November 17, 2003

From TAPPED

On TAPPED, Matthew Yglesias serves as an information pre-processor:

TAPPED: November 2003 Archives: WEEKEND UPDATE. Sunny Sunday keep you away from the news? Here's what you missed:

The Columnists

  • Nicholas Kristof. Forget that stuff I said last week about Democrats being too vitriolic -- Bush sucks.
  • David Brooks. Only unilateral surrender can save the Democratic Party.
  • Thomas Friedman. If everyone was moderate, then we could all get along.
  • Maureen Dowd. Even a column about organ donation wouldn't be complete without a few pop culture references.
  • George Will.
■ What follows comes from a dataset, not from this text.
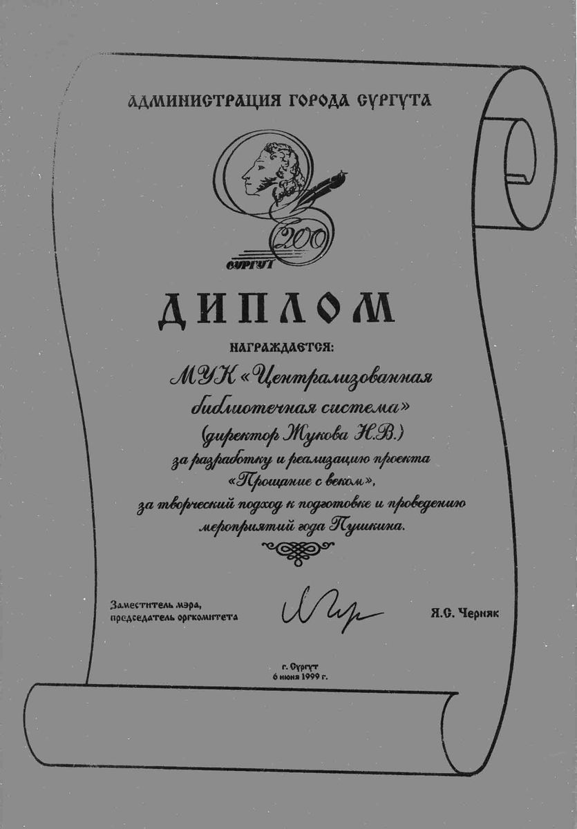 "Прощание с веком"Диплом "Централизованной библиотечной системе" г. Сургута (директор Н.В. Жукова) за разработку и реализацию проекта "Прощание с веком", за творческий подход к подготовке и проведению мероприятий года Пушкина.

Democrats who are for multilateralism in Iraq and against it in the WTO are hypocritical, whereas conservative columnists who are against it in Iraq and for it in the WTO are not.
  • David Broder. The states sure are looking bankrupt.
  • Jim Hoagland. This argument would be a lot more plausible if Arab-on-Arab violence was really a new phenomenon.
The Op-Ed You Actually Need To Read
  • Max Boot explains what Vietnam has to teach us about winning the war in Iraq.
The Shows:
  • Fox News Sunday. As if 40 hours wasn't enough, Tony Snow hosts a fair and balanced discussion of judicial nominations with Tom Daschle and his panel.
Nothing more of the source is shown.